Task brief: The listing below must be repeated word for word, with its images excluded.

Recorded data:
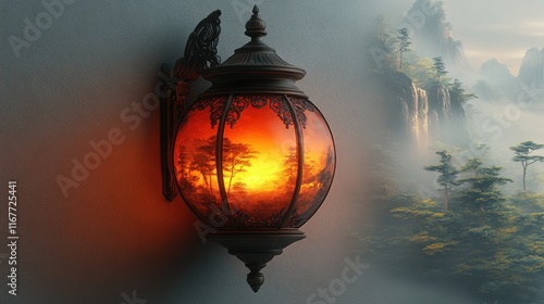 A decorative lantern casting a warm glow, featuring a scenic landscape within its design.
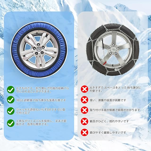 【グリップ力抜群】上質ポリエステルを採用、グリップ力を大幅に強化して、路面凍結、雪道、雨天など様々な天候に対応します。柔らかい繊維生地はタイヤを傷つけません、耐摩耗。
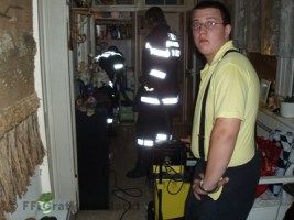 Als die Mannschaft des RLF-A 2000 am Einsatzort eintraf, wurde sie vom Wohnungsinhaber des 1. Obergeschoßes in seine überflutete Wohnung geführt. In der Wohnung darüber wird ein Rohrbruch vermutet. Der Bewohner im 2.OG reagierte nicht auf das Klopfen und Läuten der Feuerwehr, da er Taubstumm ist.

Written answer:
 A decorative lantern casting a warm glow, featuring a scenic landscape within its design.
 【グリップ力抜群】上質ポリエステルを採用、グリップ力を大幅に強化して、路面凍結、雪道、雨天など様々な天候に対応します。柔らかい繊維生地はタイヤを傷つけません、耐摩耗。
 Als die Mannschaft des RLF-A 2000 am Einsatzort eintraf, wurde sie vom Wohnungsinhaber des 1. Obergeschoßes in seine überflutete Wohnung geführt. In der Wohnung darüber wird ein Rohrbruch vermutet. Der Bewohner im 2.OG reagierte nicht auf das Klopfen und Läuten der Feuerwehr, da er Taubstumm ist.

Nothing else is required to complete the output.